Go to the line below that contains "光ファイバーの片端から光パル". From there to the end of the records, reproduce each line exactly, except the pictures.

[Data shown — start]

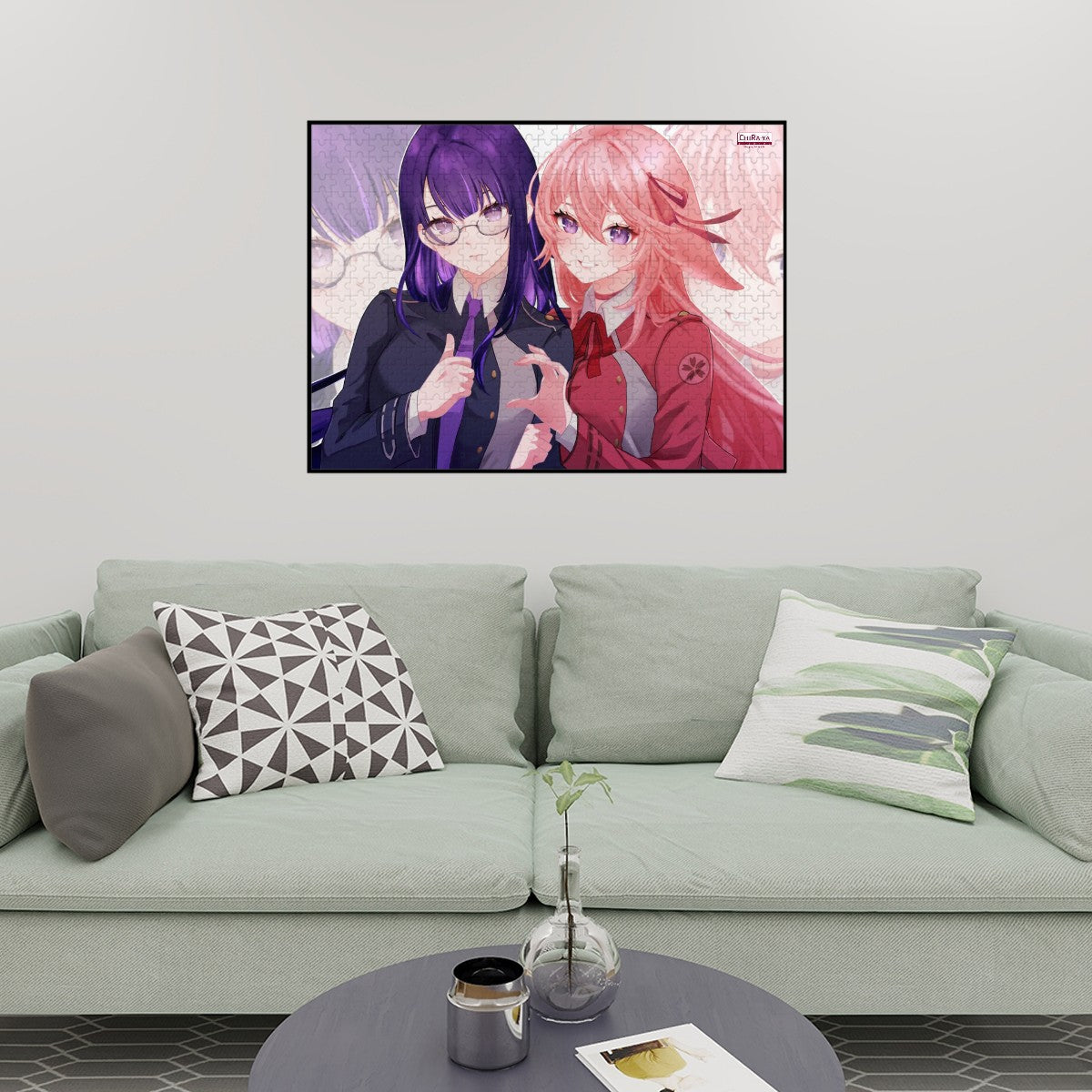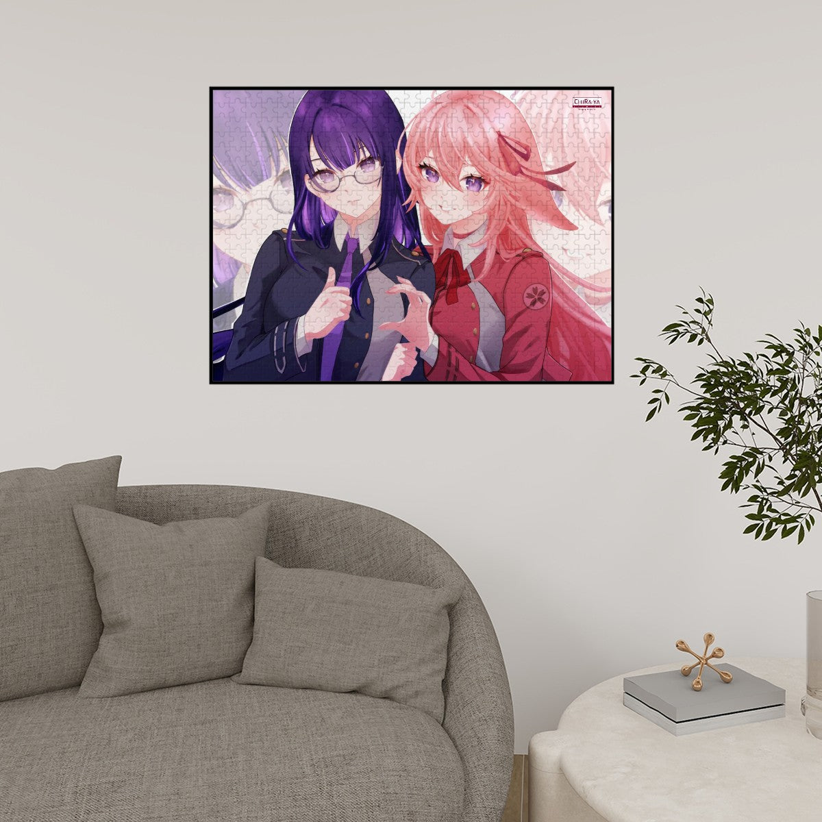 Experience the satisfaction of putting your favorite characters together with an original Chiraya Studios wooden jigsaw puzzle, featuring this one-of-a-kind Genshin Impact x Lycoris Recoil crossover art starring Inazuma's alluring (yet deadly) dynamic duo, Raiden Ei and Yae Miko, as LycoReco's Takina and Chisato!
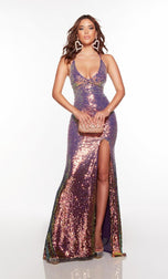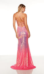 Prety in pink! This gown is absolutely breathtaking and created by Alyce Paris from Spring 2023. 61353, showcases a low neckline, straps that wrap around the neck and form into a crisscross open lace-up back. The gown is made with two-toned sequins and a sexy leg slit. This is perfect for Senior Prom and much more.
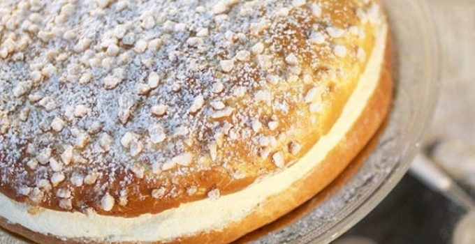 Placez votre crème tropézienne au centre de la partie inférieur de la brioche et lissez (vous pouvez la coucher à la poche à douille). Posez le couvercle dessus et saupoudrez de sucre glace.
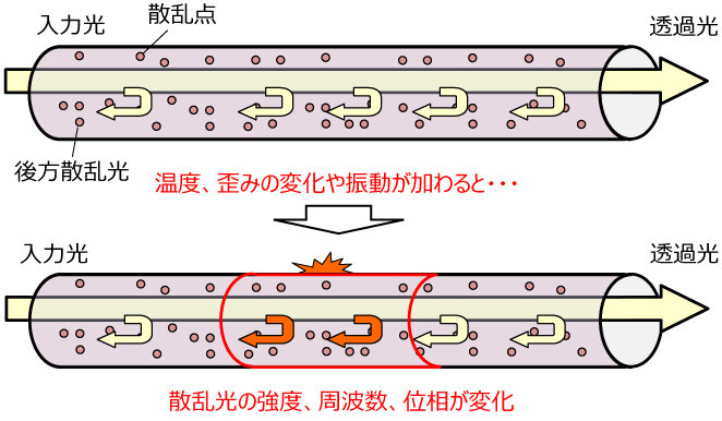 光ファイバーの片端から光パルスを入射したときに発生する後方散乱光の一つである「レイリー散乱光」を受光して、光ファイバーに伝わった振動を計測する方式。
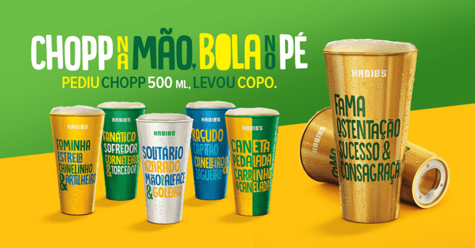 Já a campanha “Chopp na mão, Bola no Pé” traz para o cliente cinco modelos de copos, nas cores verde, amarelo, azul e branco, especialmente, criados para as comemorações do mundial da Rússia. O cliente que pedir um chopp de 500 ml, recebe a bebida em um dos copos, que trazem palavras relacionadas ao mundo do futebol: fominha, caneta, pelada, carrinho, fanático, estrela, entre outras. E para quem vai torcer junto com a galera, o sexto chopp, no mesmo pedido, dá direito a um modelo de copo exclusivo, todo dourado com um abridor no fundo – o hexa do Habib’s.
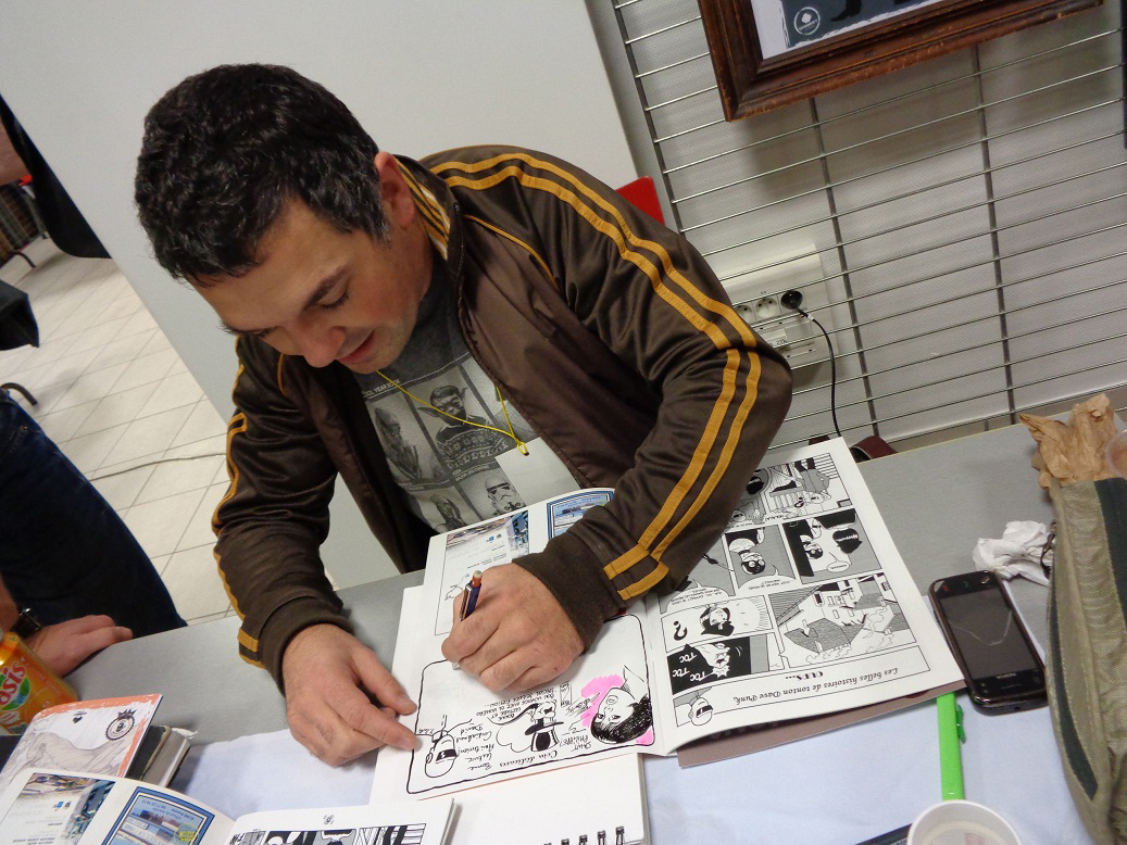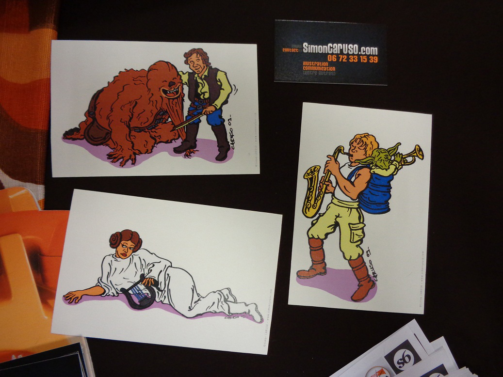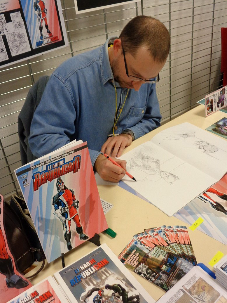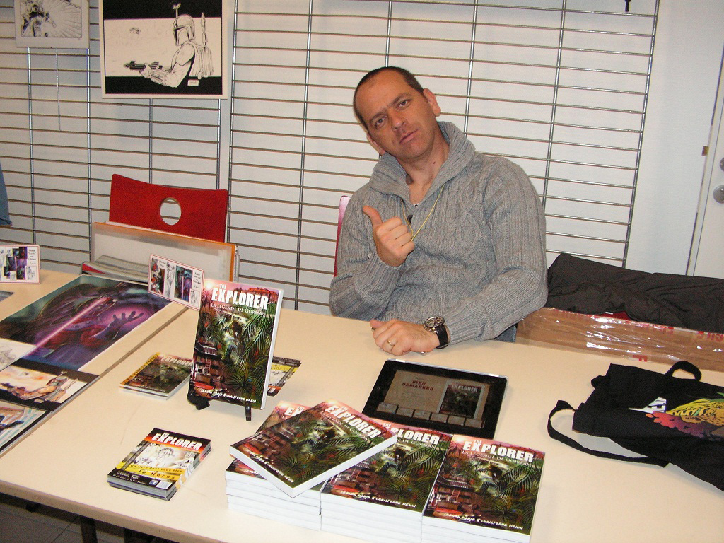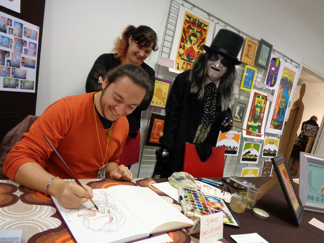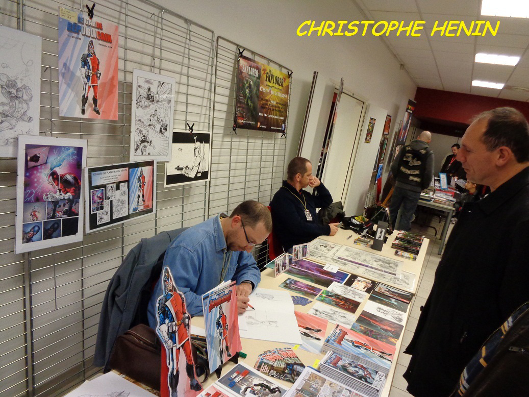 Quelques boutiques étaient aussi présentes et permettaient tout de même à chacun de ramener un petit souvenir… ou un plus gros ! La présence de librairies étaient parfaite en cette période de sortie de bien beaux ouvrages, notamment chez Akiléos et Huginn & Munnin. Le périodique « Guère Epais » d’un groupe de passionnés également roannais avait même créé pour l’occasion un numéro spécial SF. Les « ambassadeurs roannais du 9ième Art » étaient bien évidemment présents, Patrick Biesse « Tiny World », Simon Caruso, Christophe Hénin, Olivier Paire « Petelus »,… de nombreux visiteurs ne s’y étaient pas trompé et sont donc aussi repartis avec tirages et dédicaces sous le bras bien évidement.
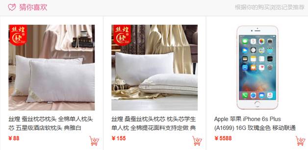 在传统电商网站中,给用户推荐商品的栏位丰富多彩。例如在一号店PC端首页会根据用户的购买记录推荐用户可能感兴趣的商品,我们称之为猜你喜欢栏位,如图1所示。
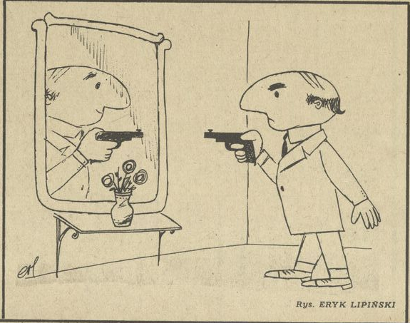 Archiwum / Rozmaitości nr 769 (01/1960) 02/17 Podziel się Tytuł W lustrze Autor Eryk Lipiński Rubryka Rozmaitości Artykuł z numeru 769 (1/1960) Data wydania 3 stycznia 1960 Tagi żart rysunkowy pistolet broń

[Data shown — finish]

| Response to the exercise |
 光ファイバーの片端から光パルスを入射したときに発生する後方散乱光の一つである「レイリー散乱光」を受光して、光ファイバーに伝わった振動を計測する方式。
 Já a campanha “Chopp na mão, Bola no Pé” traz para o cliente cinco modelos de copos, nas cores verde, amarelo, azul e branco, especialmente, criados para as comemorações do mundial da Rússia. O cliente que pedir um chopp de 500 ml, recebe a bebida em um dos copos, que trazem palavras relacionadas ao mundo do futebol: fominha, caneta, pelada, carrinho, fanático, estrela, entre outras. E para quem vai torcer junto com a galera, o sexto chopp, no mesmo pedido, dá direito a um modelo de copo exclusivo, todo dourado com um abridor no fundo – o hexa do Habib’s.
 Quelques boutiques étaient aussi présentes et permettaient tout de même à chacun de ramener un petit souvenir… ou un plus gros ! La présence de librairies étaient parfaite en cette période de sortie de bien beaux ouvrages, notamment chez Akiléos et Huginn & Munnin. Le périodique « Guère Epais » d’un groupe de passionnés également roannais avait même créé pour l’occasion un numéro spécial SF. Les « ambassadeurs roannais du 9ième Art » étaient bien évidemment présents, Patrick Biesse « Tiny World », Simon Caruso, Christophe Hénin, Olivier Paire « Petelus »,… de nombreux visiteurs ne s’y étaient pas trompé et sont donc aussi repartis avec tirages et dédicaces sous le bras bien évidement.
 在传统电商网站中,给用户推荐商品的栏位丰富多彩。例如在一号店PC端首页会根据用户的购买记录推荐用户可能感兴趣的商品,我们称之为猜你喜欢栏位,如图1所示。
 Archiwum / Rozmaitości nr 769 (01/1960) 02/17 Podziel się Tytuł W lustrze Autor Eryk Lipiński Rubryka Rozmaitości Artykuł z numeru 769 (1/1960) Data wydania 3 stycznia 1960 Tagi żart rysunkowy pistolet broń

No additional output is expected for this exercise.